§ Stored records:
▼

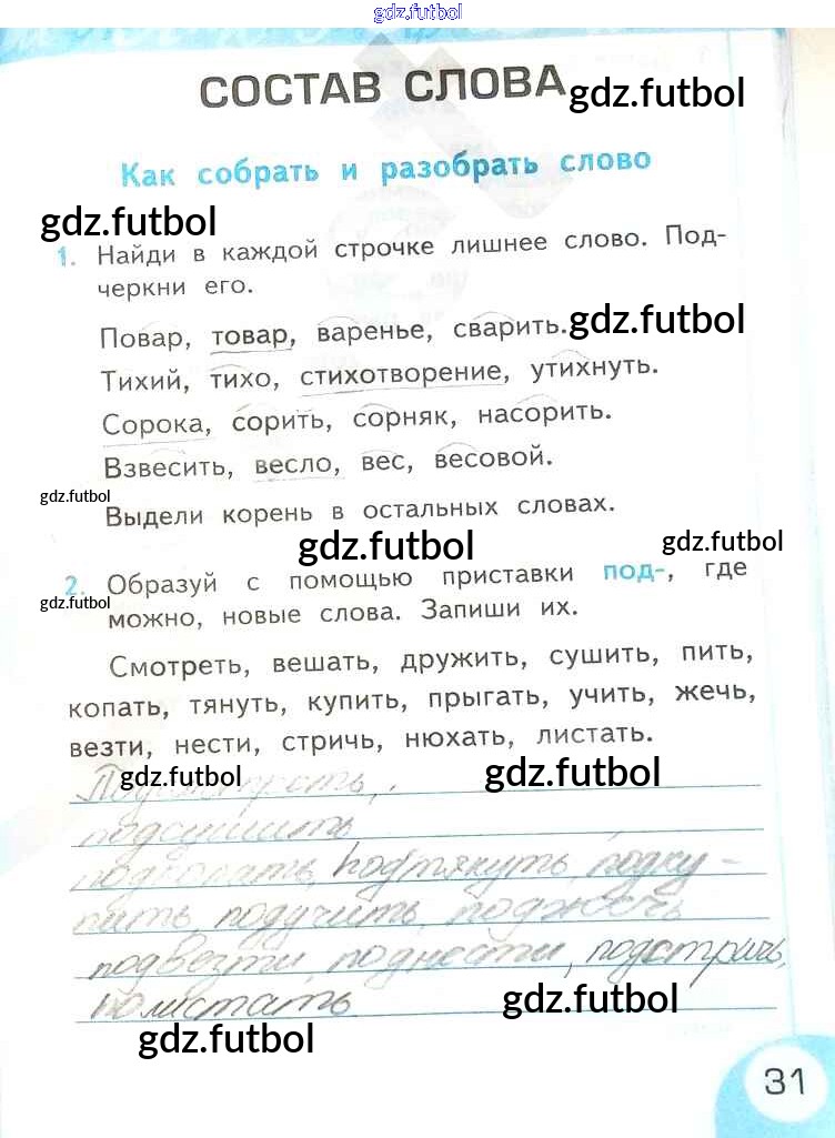 Готовые домашние задания по Русскому языку за 2 класс Тихомирова Рабочая тетрадь УМК 2019 ФГОС - Часть 2. Страницы 31
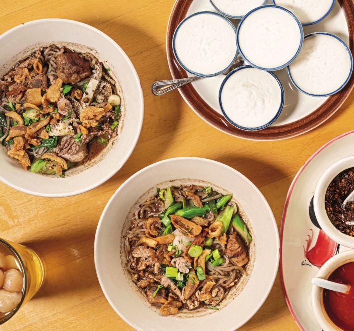 Original Thai boat noodles with pork and beef and kanom tuay (a steamed coconut milk dessert). Malai Data began serving her superlative version of boat noodles — a recipe gleaned from her mother-in-law, who’s made the dish professionally in Bangkok for decades — from a stand in front of Silom Supermarket in Thai Town in late 2022. By year’s end she had a lease for a space two blocks away, in the shopping complex at Hollywood Boulevard and Western Avenue. The short menu, including basil-scented egg rolls and respectable pad see ew, is roundly satisfying, but the boat noodles are the irrefutable star attraction. Data’s servings are small and under $10, as is customary: In Bangkok part of the fun is going from stall to stall, tasting each cook’s tweaks. My order at Mae Malai: thin rice noodles (among five options), as the server recommends; pork over beef; and “spicy” rather than “Thai spicy.” At this level, the chile heat races across the taste buds as a big first sensation and then retreats, balancing the broth’s sweetness and vinegary thwack. Spices like star anise and white pepper glint like fireflies at dusk. Green onions and fried crumbles of pork skin rustle against the teeth, and bites of the bowl’s solo pork meatball bounce around the palate. The noodles feel squiggly, and they’re gone quickly, until only the must-sip liquid dregs remain, tingly and the color of black coffee. Other worthy bowls of boat noodles exist in Los Angeles, but this one rates as a master class. — B.A. 5445 HOLLYWOOD BLVD., SUITE A, LOS ANGELES, (323) 652-2935 l INSTAGRAM.COM/MALAI_NOODLES See also
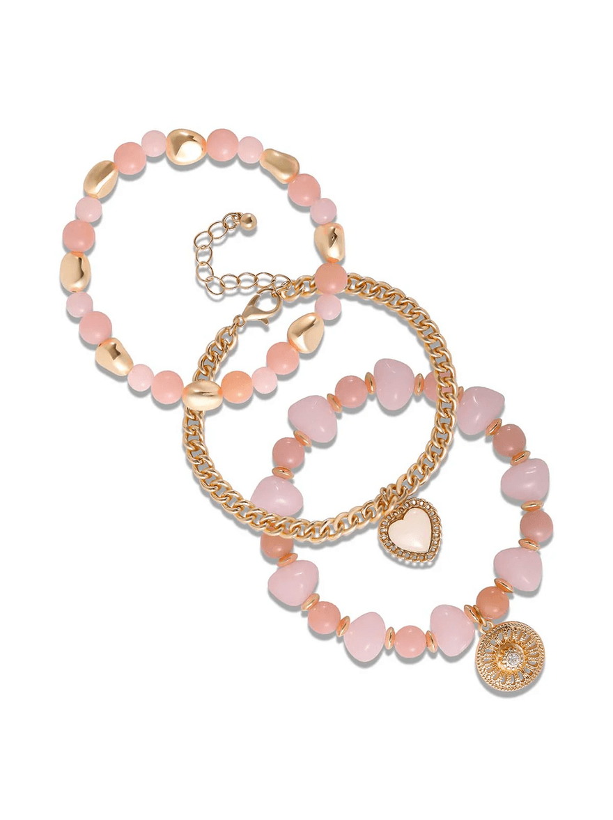 The Jessica Simpson Gold & Pink Beaded Bracelet Set features a delightful mix of designs. One bracelet showcases a bold gold chain adorned with a charming heart, while the other two bracelets include stretch bead designs embellished with teardrop shapes. The addition of a shimmering medallion charm adds a touch of glamour, making these bracelets perfect for day or night.
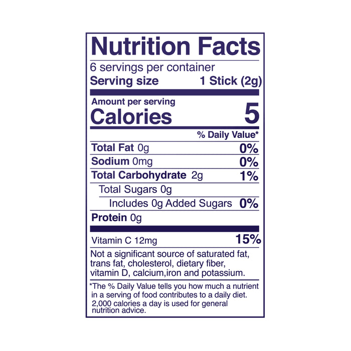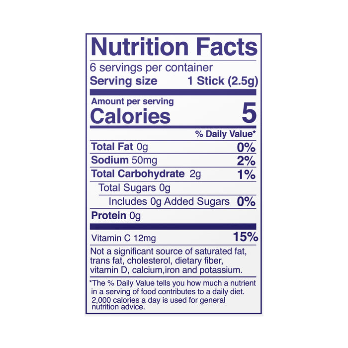 CITRIC ACID, MALTODEXTRIN*, MALIC ACID, SODIUM CITRATE, NATURAL AND ARTIFICIAL FLAVORS, CONTAINS 2% OR LESS OF THE FOLLOWING: SUCRALOSE, PECTIN, POTASSIUM CITRATE, ACESULFAME POTASSIUM, SALT, CELLULOSE GUM, GUAR GUM, ASCORBIC ACID (VITAMIN C), DISODIUM PHOSPHATE, MAGNESIUM OXIDE, CALCIUM SILICATE, ARTIFICIAL COLOR, YELLOW 6, BLUE 1.
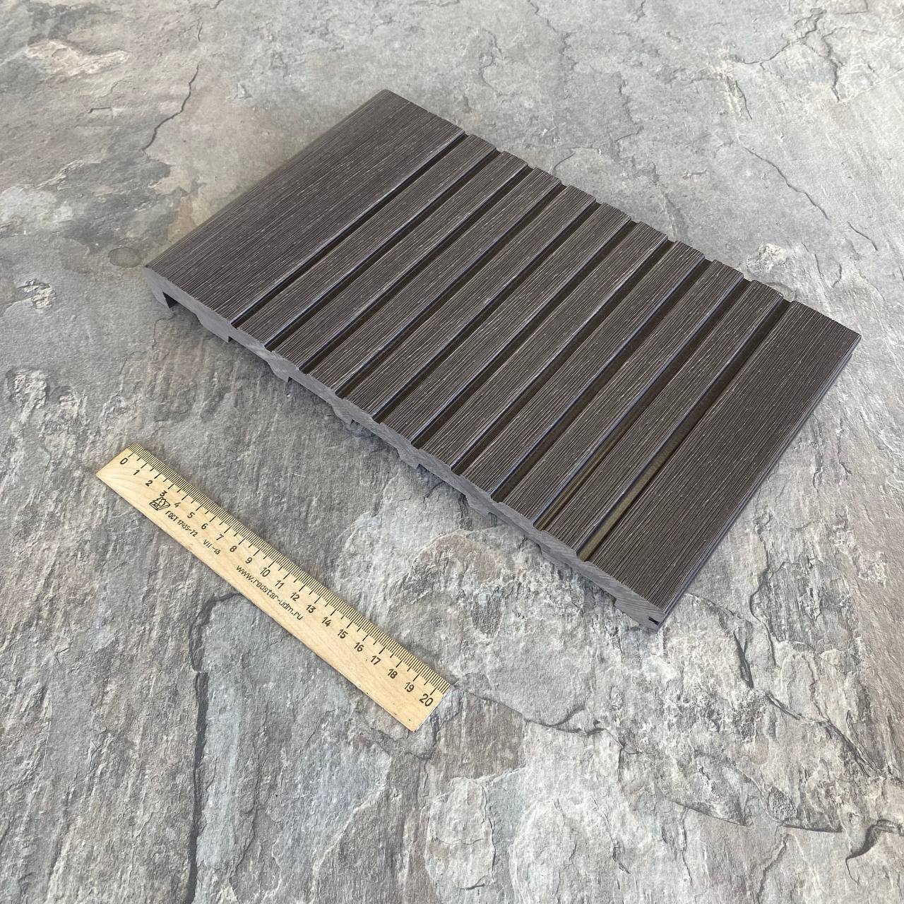 Ступень ДПК Latitudo Step-342. Доступные размеры, мм: 342х23х3000, 342х23х4000. Длина 3 и 4 метра. Поверхность: одна сторона с текстурой «крупный вельвет». Доступно 4 цвета: «Венге», «Графит», «Орех», «Серый». Фирменные комплектующие в цвет: террасная доска, заборная доска, уголок.

▲

§ TASK TO COMPLETE:
Above are the records; repeat them all exactly, without the pictures.

§ ANSWER SPACE:
 Готовые домашние задания по Русскому языку за 2 класс Тихомирова Рабочая тетрадь УМК 2019 ФГОС - Часть 2. Страницы 31
 Original Thai boat noodles with pork and beef and kanom tuay (a steamed coconut milk dessert). Malai Data began serving her superlative version of boat noodles — a recipe gleaned from her mother-in-law, who’s made the dish professionally in Bangkok for decades — from a stand in front of Silom Supermarket in Thai Town in late 2022. By year’s end she had a lease for a space two blocks away, in the shopping complex at Hollywood Boulevard and Western Avenue. The short menu, including basil-scented egg rolls and respectable pad see ew, is roundly satisfying, but the boat noodles are the irrefutable star attraction. Data’s servings are small and under $10, as is customary: In Bangkok part of the fun is going from stall to stall, tasting each cook’s tweaks. My order at Mae Malai: thin rice noodles (among five options), as the server recommends; pork over beef; and “spicy” rather than “Thai spicy.” At this level, the chile heat races across the taste buds as a big first sensation and then retreats, balancing the broth’s sweetness and vinegary thwack. Spices like star anise and white pepper glint like fireflies at dusk. Green onions and fried crumbles of pork skin rustle against the teeth, and bites of the bowl’s solo pork meatball bounce around the palate. The noodles feel squiggly, and they’re gone quickly, until only the must-sip liquid dregs remain, tingly and the color of black coffee. Other worthy bowls of boat noodles exist in Los Angeles, but this one rates as a master class. — B.A. 5445 HOLLYWOOD BLVD., SUITE A, LOS ANGELES, (323) 652-2935 l INSTAGRAM.COM/MALAI_NOODLES See also
 The Jessica Simpson Gold & Pink Beaded Bracelet Set features a delightful mix of designs. One bracelet showcases a bold gold chain adorned with a charming heart, while the other two bracelets include stretch bead designs embellished with teardrop shapes. The addition of a shimmering medallion charm adds a touch of glamour, making these bracelets perfect for day or night.
 CITRIC ACID, MALTODEXTRIN*, MALIC ACID, SODIUM CITRATE, NATURAL AND ARTIFICIAL FLAVORS, CONTAINS 2% OR LESS OF THE FOLLOWING: SUCRALOSE, PECTIN, POTASSIUM CITRATE, ACESULFAME POTASSIUM, SALT, CELLULOSE GUM, GUAR GUM, ASCORBIC ACID (VITAMIN C), DISODIUM PHOSPHATE, MAGNESIUM OXIDE, CALCIUM SILICATE, ARTIFICIAL COLOR, YELLOW 6, BLUE 1.
 Ступень ДПК Latitudo Step-342. Доступные размеры, мм: 342х23х3000, 342х23х4000. Длина 3 и 4 метра. Поверхность: одна сторона с текстурой «крупный вельвет». Доступно 4 цвета: «Венге», «Графит», «Орех», «Серый». Фирменные комплектующие в цвет: террасная доска, заборная доска, уголок.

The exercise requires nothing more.